Loaded carries need to be in every training session. If you’re not used to doing them you need to spend considerable time on them to gain proficiency at it. As an example of how efficient you can get at them, I recently had eight minutes to get off an airplane, get to the long-term car park, and then to the pet hotel my dog was at before they shut for the night. I grabbed both my carry-on bag and my girlfriend’s bag (it is easier to be balanced) and took off running through the airport, to the car park, and to the car. This was a ten-minute walk done in three minutes.

Now, I won’t lie, I was spent – my grip was fried, my traps were burning, and my lungs were heaving. But I got it done and we picked up our dog. If you plan to be truly Spartan -ready you will need to build up to loaded running (but that’s probably an entire article right there).

Don’t make the mistake of only doing farmer’s walks with easy-to-handle implements. Use overhead walks, rack walks, and sandbag carries. Load yourself asymmetrically and use odd objects. For Spartan you need to be ready for anything.

For a complete breakdown of all the ways you can and should be doing carries to improve your performance check out my article here on Complete Human Performance.

Grip Training

Finally, grip needs to be addressed. Some grip endurance will be handled with the loaded carries. Some more grip endurance will be taken care of with normal strength work, such as pull-ups and deadlifts. But what you need is high rep work to develop massive amounts of grip endurance – enough to last you the many hours you may be on course. A short set of ten reps isn’t going to do it.
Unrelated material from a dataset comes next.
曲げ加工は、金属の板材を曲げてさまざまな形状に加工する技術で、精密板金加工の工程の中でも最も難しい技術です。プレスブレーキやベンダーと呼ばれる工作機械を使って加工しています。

This is a great place for two different types of grip work. High rep swings, both with a kettlebell and with clubbells, will help develop great grip endurance. I’m talking about sets of twenty-plus reps, and maybe even as high as fifty per set. Because clubbells are closer to brachiation than kettlebells are, they may actually be superior for grip development.
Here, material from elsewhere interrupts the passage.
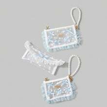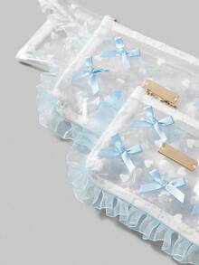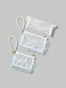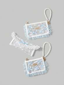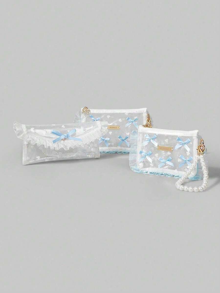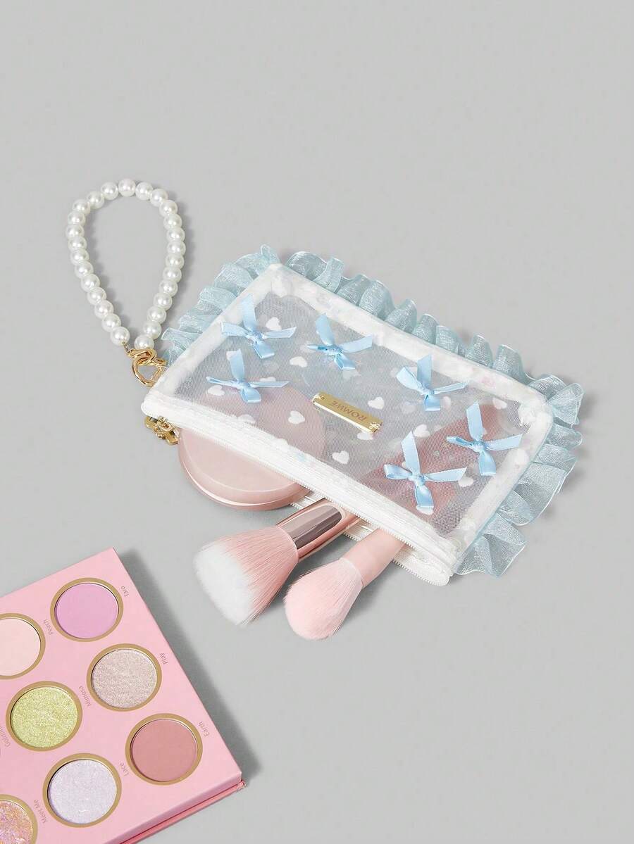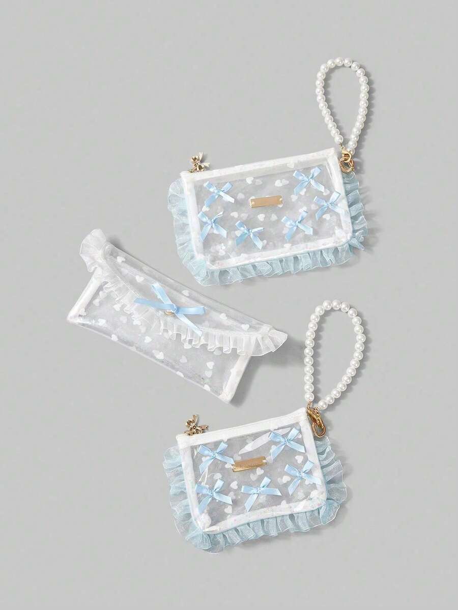 Kawaii 1 Pc Heart & Bow Knot Pearl Chain Decor PVC Clear Lace Handbag Cosmetic Pouch Coin Purse Earphone Lipstick Jewelry Organizer, Gift For Travel

The other big thing that is going to develop grip endurance is hanging off objects. If you can vary the grip used, that will work even better. If you can hang off tree branches, stair railings, and the like you’ll wind up with a far better overall grip.

If all you have access to is a pull up bar don’t fret, as you can still change the grip each set. You can fold a towel over the bar to thicken the grip. You can drape the towel over the bar and hold onto the hanging ends. You can hold the bar with hands you’ve deliberately made slippery (putting soap in the hands is a favored strongman grip training method) and do hangs. For more fun, soap the hands and then do some kettlebell swings. Make sure no one is standing right in front of you when you do though.

Focusing on these three things – running, grip, and carries – will take care of your OCR plan.